Variational autoencoders (VAEs):
combines ideas from autoencoders (a type of neural network) and variational inference (a technique from Bayesian statistics).
- Encoder: This neural network takes the input data (for example, an image) and maps it to a lower-dimensional latent space, which captures the essential features of the data.
- Decoder: This neural network takes the latent representation from the encoder and generates a reconstruction of the original input data.
The key aspect of VAEs is that the latent space is encouraged to follow a specific probability distribution (usually a Gaussian distribution), which allows for generating new data by sampling from this latent space and passing the samples through the decoder.

Optimizing model outputs:

Prompt engineering: fastest and lowest cost option
Prompts act as instructions for foundation models. Prompt engineering focuses on developing, designing, and optimizing prompts to enhance the output of FMs for your needs. It gives you a way to guide the model’s behavior to the outcomes that you want to achieve.

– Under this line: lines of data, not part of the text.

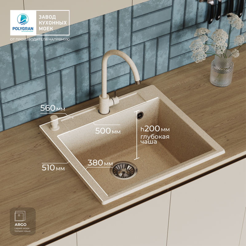 Мойка кухонная POLYGRAN ARGO 560 (опал №328)
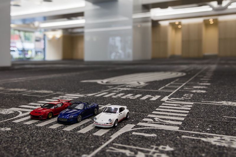 G735 Gallery is a multi-functional exhibition space for cars and artwork located in the heart of Ginza, Tokyo. A total of 1500 pieces of precast Graphic Concrete floor tiles illustrates the streets of the Ginza area. The black exposed aggregate -surface and the surface of the smooth white lines gives a maximum contrast, showing the map very precisely.
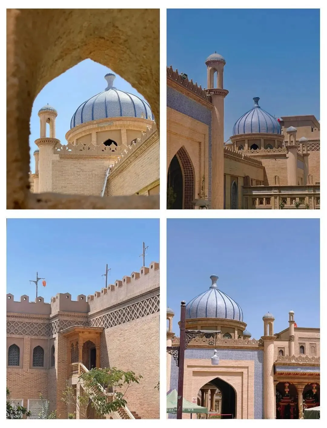 建筑特色以伊斯兰风格建筑,砖砌墓群装饰石膏花纹、铭文花砖及琉璃砖大门,前方插彩旗,具宗教庄严感。
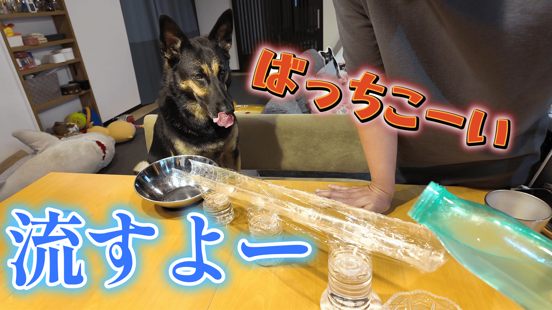 【流しそうめん?】そうめんの代わりに鶏肉流したら、愛犬の反応が爆笑ものでしたw【流しチキン!】
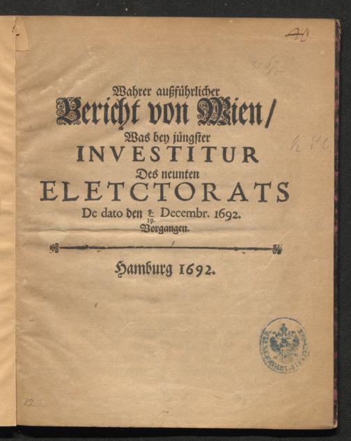 Wahrer außführlicher Bericht von Wien, was bey jüngster Investitur des neunten Eletctorats de dato den 9./19. Decembr. 1692 vorgangen. Hamburg, 1692. Wienbibliothek im Rathaus, A-11468, https://resolver.obvsg.at/urn:nbn:at:AT-WBR-1383442 / Public Domain Mark 1.0
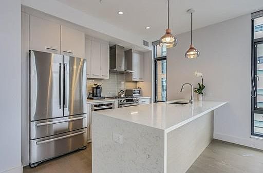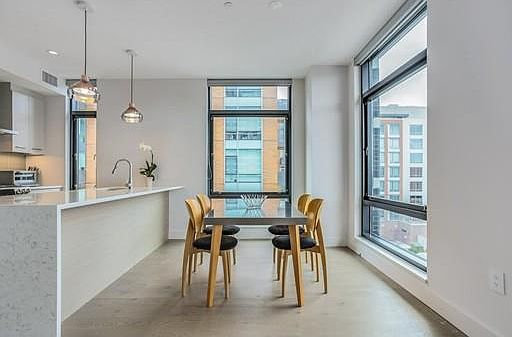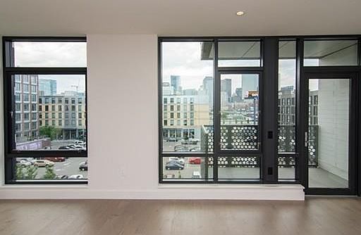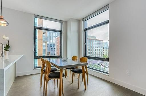 Dramatic corner 2 bedroom/2 bath at Siena features wide open living/dining/kitchen with wall of windows and private balcony. Entry hall leads to spacious entertainment space with hardwood floors and great city views. Gleaming stainless steel kitchen with stone counters and convenient breakfast bar. Split bedroom layout offers privacy and includes master with huge en suite bath and walk-in closet. Includes one garage parking space. Siena offers stylish clubroom, huge furnished roof deck and lovely common areas throughout.
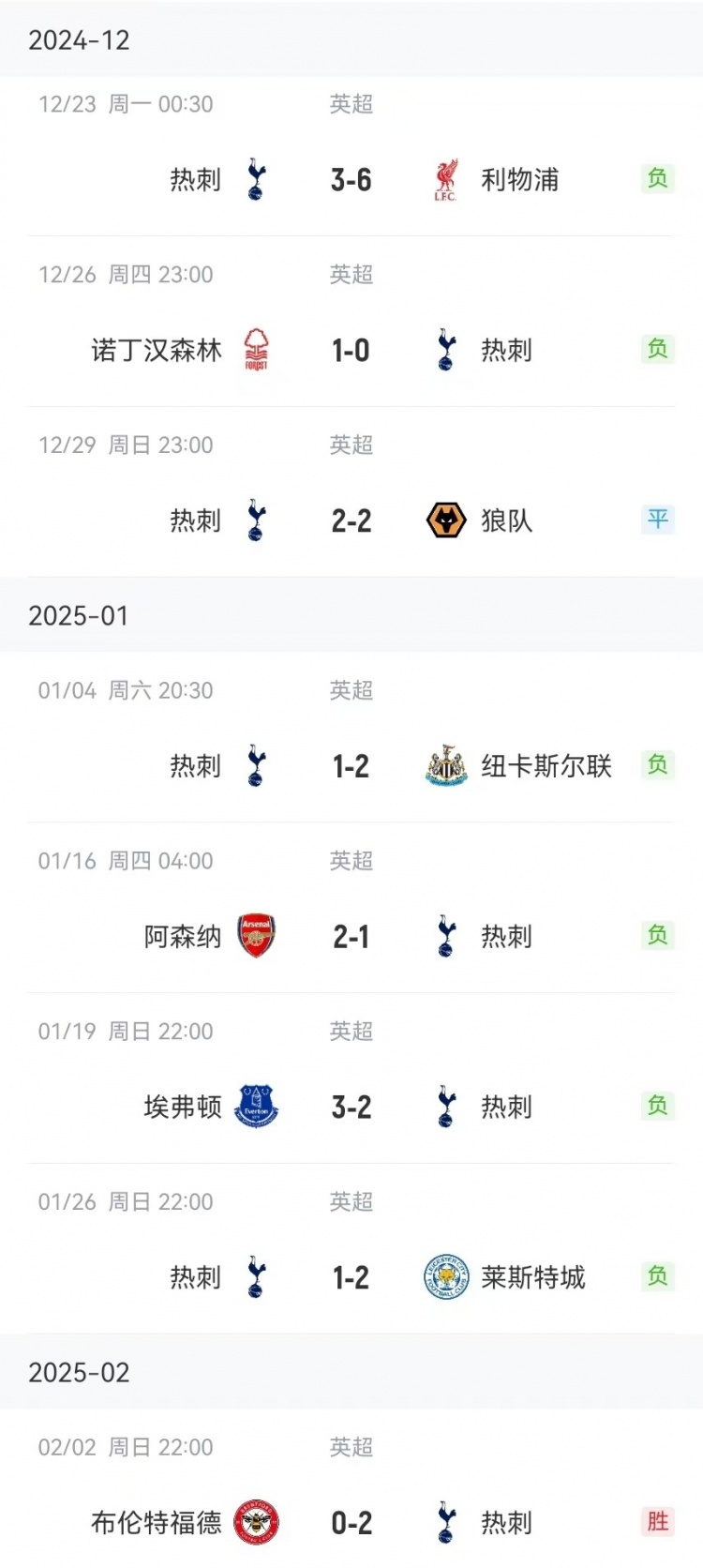 2月3日訊 熱刺在本輪英超2-0布倫特福德,結(jié)束了一波7輪不勝。數(shù)據(jù)統(tǒng)計顯示,熱刺上次在英超贏球還是12月中旬5-0副班長南安普頓,自那之后他們遭遇1平6負。 標簽: 足球 英超 熱刺 布倫特福德

- Instructions: This is a task for the FM to do. It provides a task description or instruction for how the model should perform.
- Context: This is external information to guide the model.
- Input data: This is the input for which you want a response.
- Output indicator: This is the output type or format.
Fine-tuning:
Fine-tuning is a supervised learning process that involves taking a pre-trained model and adding specific, smaller datasets. Adding these narrower datasets modifies the weights of the data to better align with the task.
- Instruction fine-tuning: uses examples of how the model should respond to a specific instruction. Prompt tuning is a type of instruction fine-tuning.
- Reinforcement learning from human feedback (RLHF): provides human feedback data, resulting in a model that is better aligned with human preferences.
Consider this use case for fine-tuning. If you are working on a task that requires industry knowledge, you can take a pre-trained model and fine-tune the model with industry data.
If the task involves medical research, for example, the pre-trained model can be fine-tuned with articles from medical journals to achieve more contextualized results.
Retrieval-augmented generation (RAG):
Supplies domain-relevant data as context to produce responses based on that data.
This technique is similar to fine-tuning. However, rather than having to fine-tune an FM with a small set of labeled examples, RAG retrieves a small set of relevant documents and uses that to provide context to answer the user prompt.
RAG will not change the weights of the foundation model, whereas fine-tuning will change model weights.